Group challenges legality of U.S. drone killings

U.S. drone strikes in Pakistan are launched sometimes without legal justification and may amount to war crimes, according to a report released on the eve of President Barack Obama’s meeting with Pakistani Prime Minister Nawaz Sharif.

Civilians are believed to have been indiscriminately killed in several of the 45 known drone strikes in Pakistan’s North Waziristan from January 2012 to August 2013, Amnesty International said a report released Tuesday. The group cited field research and 60 interviews with survivors, eyewitnesses and officials.

The Obama administration should fully disclose the facts and legal basis for each drone strike carried out in the program operated by the Central Intelligence Agency and investigate any potentially unlawful killings, the London-based human-rights group said. The secrecy surrounding the drone campaign often prevents compensation for civilians who are accidentally killed or injured and their families, it said.

While saying that firm conclusions can’t be reached because of the U.S. refusal to “provide even basic information on particular strikes,” Amnesty International said in the report that it “is seriously concerned” that strikes “have resulted in unlawful killings that may constitute extrajudicial executions or war crimes.”

Sharif today will make his first official visit to the White House since taking office four months ago. The U.S. and Pakistan are exploring how to mend ties since their falling out over the 2011 raid that killed al-Qaida leader Osama bin Laden.

Asked about the Amnesty report, White House spokesman Jay Carney said Tuesday that “we would strongly disagree” that the U.S. has acted outside of international law.

Carney cited a May speech by Obama in which the president said the U.S. has a process to ensure targets are selected carefully to avoid civilian casualties.

“He made clear that it is a hard fact that U.S. strikes have resulted in civilian casualties,” which is a consequence of any warfare, Carney said. The U.S. operations are “precise, lawful and effective,” he said.

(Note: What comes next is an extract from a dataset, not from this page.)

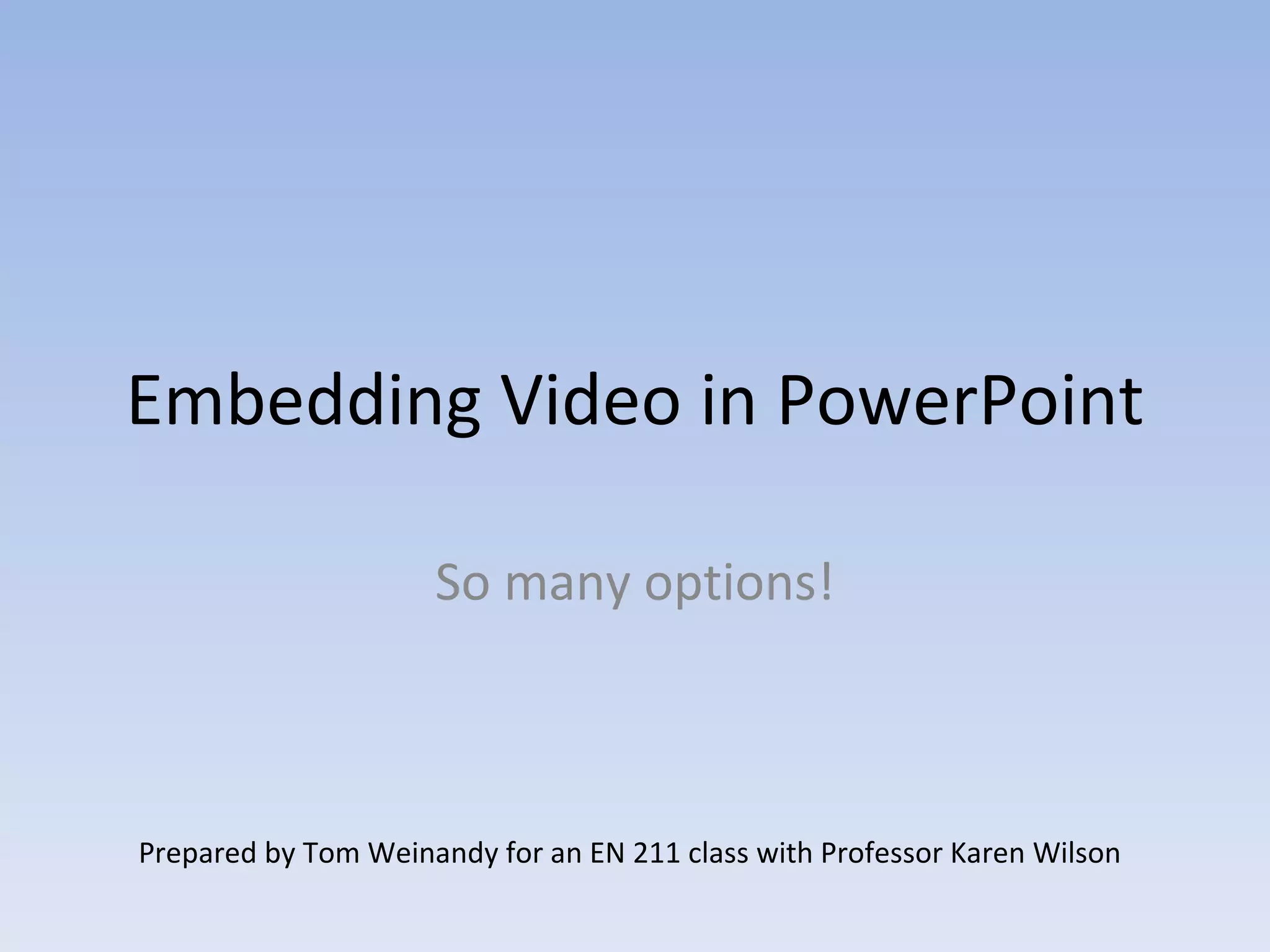 The document provides instructions on embedding videos in PowerPoint presentations, highlighting three options: inserting a saved file, embedding from the web, or downloading videos from YouTube. It emphasizes enabling macros for web embedding and mentions the need for a larger file size when downloading. The preparation was done by Tom Weinandy for an EN 211 class at JCU.

An independent expert’s report for the United Nations General Assembly, released last week, said at least 400 civilians were killed in about 330 drone strikes carried out in Pakistan’s tribal areas since 2004.

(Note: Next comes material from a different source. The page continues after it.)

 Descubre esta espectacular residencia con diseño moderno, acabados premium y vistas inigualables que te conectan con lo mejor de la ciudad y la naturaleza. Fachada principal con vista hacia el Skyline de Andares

The “technically classified” status of the CIA drone program in Pakistan is becoming “increasingly harder to justify” under national security concerns, when its operations have been publicly acknowledged by Obama and Secretary of State John Kerry, said Ben Emmerson, the UN special rapporteur on protection of human rights in counterterrorism, in the report released Friday.

“The involvement of the CIA in lethal counterterrorism operations in Pakistan and Yemen has created an almost insurmountable obstacle to transparency,” said Emmerson, who will brief the U.N. on his findings Friday in New York.

An investigation of six drone strikes in Yemen “strongly suggests” that U.S. drones targeted those who didn’t pose an imminent threat or weren’t directly involved in terrorist operations, New York based Human Rights Watch said in a separate report it released Tuesday in partnership with Amnesty.

“The U.S. may be using an overly elastic definition of a fighter who may be lawfully attacked during an armed conflict,” according to the report.

Sharif strongly opposed the U.S. drone attacks in Pakistani tribal areas during his election campaign and promised to halt the program. Speaking before the U.S. Chamber of Commerce on Monday, the former businessman said his government is focused on providing a secure environment for investment.

Information for this article was contributed by Haris Anwar and Augustine Anthony of Bloomberg News.